Berlin - Noch im März droht den Griechen eine Staatspleite, neue Geldquellen werden dringend gesucht. Die EU-Kommission schließt jedoch einen Austritt Griechenlands aus der Eurozone nach wie vor kategorisch aus.

„Die Europäische Kommission vertritt die Auffassung: Es wird niemals einen Grexit geben“, sagte der Präsident der Brüsseler Behörde, Jean-Claude Juncker, der Zeitung „Welt am Sonntag“.

„Niemand unter den politisch Verantwortlichen in Europa arbeitet an einem Austritt Griechenlands aus der Eurozone. Das Land ist und bleibt Mitglied der Währungsunion.“ Ein Ausstieg Athens aus der Eurozone würde nach Junckers Einschätzung zu einem nicht zu reparierenden Ansehensverlust der gesamten EU in der Welt führen.
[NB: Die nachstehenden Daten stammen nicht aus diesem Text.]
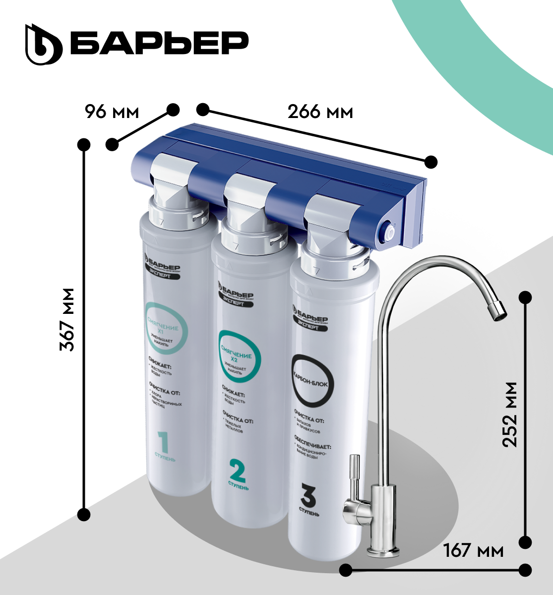 Фильтр под мойку для очистки воды трехступенчатый, быстросъемный барьер эксперт Жесткость х2, двойная защита от накипи

Juncker appellierte aber auch an die Europäer, die dramatische Lage im Krisenland anzuerkennen. Ein Viertel der Griechen bekomme keine Sozialleistungen mehr, und die Arbeitslosigkeit sei in die Höhe geschossen. „Wir müssen aufpassen, dass sich die Verhältnisse in Griechenland nicht noch verschlimmern“, sagte der Luxemburger. „Was mich besorgt ist, dass noch nicht alle in der Europäischen Union den Ernst der Lage in Griechenland verstanden haben.“

Die Euro-Finanzminister werden am Montag über die Lage beraten - knapp zwei Wochen nach dem grünen Licht für eine Verlängerung des Hilfsprogramms für Griechenland beraten. Das Land wird seit 2010 mit internationalen Hilfskrediten in dreistelliger Milliardenhöhe über Wasser gehalten. Mit der Verlängerung des Programms um vier Monate bis Ende Juni erhält Athen die Chance auf weitere Hilfskredite, die allerdings noch nicht in den nächsten Wochen fließen dürften.
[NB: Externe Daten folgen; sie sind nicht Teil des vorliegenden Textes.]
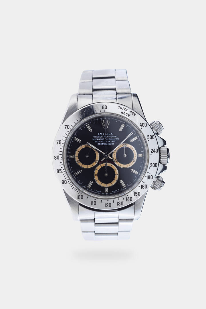 Cassa in acciaio con fondello a vite e pulsanti della cronografia a vite. Lunetta tachimetrica base 400. Quadrante nero di estrema rarità definito “Patrizzi dial” grazie al viraggio cromatico dei contatori che da colore bianco sono diventati color nocciola scuro quasi ocra. Ad ore 3 presente il contatore dei minuti, alle 6 quello delle ore ed alle 9 quello dei secondi continui. Bracciale originale “Oyster” di 12 maglie ref.78390.

Damit steuert die Regierung auf einen akuten Engpass zu: Insgesamt muss Athen im März Verpflichtungen im Umfang von gut 6,85 Milliarden Euro erfüllen. In den kommenden Wochen will Athen die drohende Finanzierungslücke mit kurzfristigen Anleihen überbrücken, wie Ministerpräsident Alexis Tsipras im Nachrichtenmagazin „Spiegel“ ankündigte.

Griechenland fordert Wiedergutmachung von Deutschland

Griechenlands Sonderbotschafter Jorgo Chatzimarkakis forderte als Wiedergutmachung für Nazi-Verbrechen deutsche Milliarden für eine griechische Aufbaubank. Die Frage der Entschädigung sei „von den Vertretern der jeweiligen Bundesregierungen nach 1949 sehr geschickt unter den Teppich gekehrt worden“, sagte der frühere FDP-Politiker der „Rheinischen Post“ (Samstag). Die Bundesregierung hat jedoch schon wiederholt betont, sie sehe keinen Grund für neue Forderungen Griechenlands aus der Zeit des Zweiten Weltkriegs. Während der fast vierjährigen Besatzung hatte die deutsche Wehrmacht Dutzende Massaker in Griechenland verübt.
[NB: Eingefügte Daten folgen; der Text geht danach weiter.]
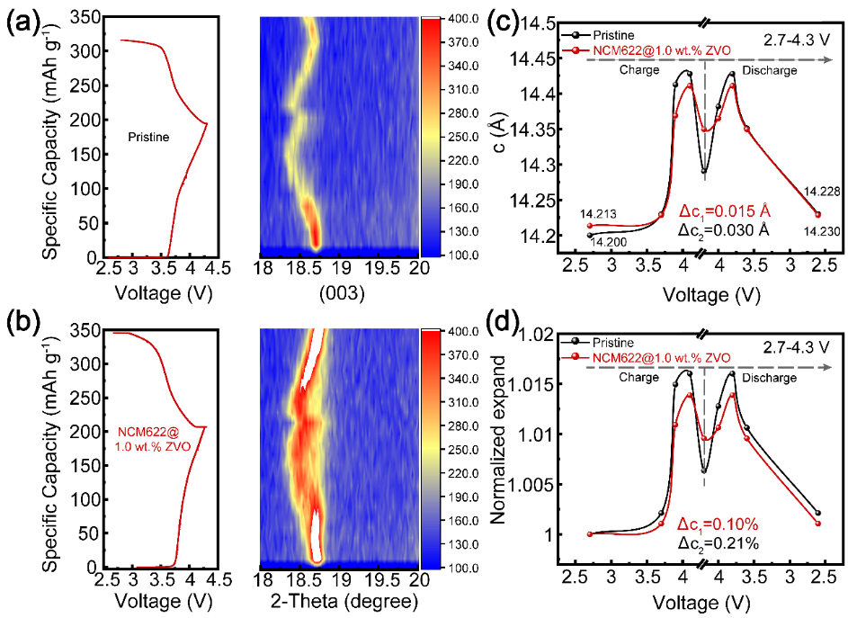 图2.原位XRD探究ZrV2O7对电极循环过程中微结构变化的抑制作用

Chatzimarkakis war Ende 2014 von der früheren griechischen Regierung zum Sonderbotschafter ernannt worden, um den Ausstieg Griechenlands aus den Hilfsprogrammen zu begleiten. „Warum kann Deutschland nicht als späte Entschädigung eine Finanzspritze für eine neue griechische KfW leisten?“, zitierte die Zeitung den Politiker. Die deutsche Kreditanstalt für Wiederaufbau (KfW) wurde nach dem Zweiten Weltkrieg gegründet, um der deutschen Wirtschaft wieder auf die Beine zu helfen.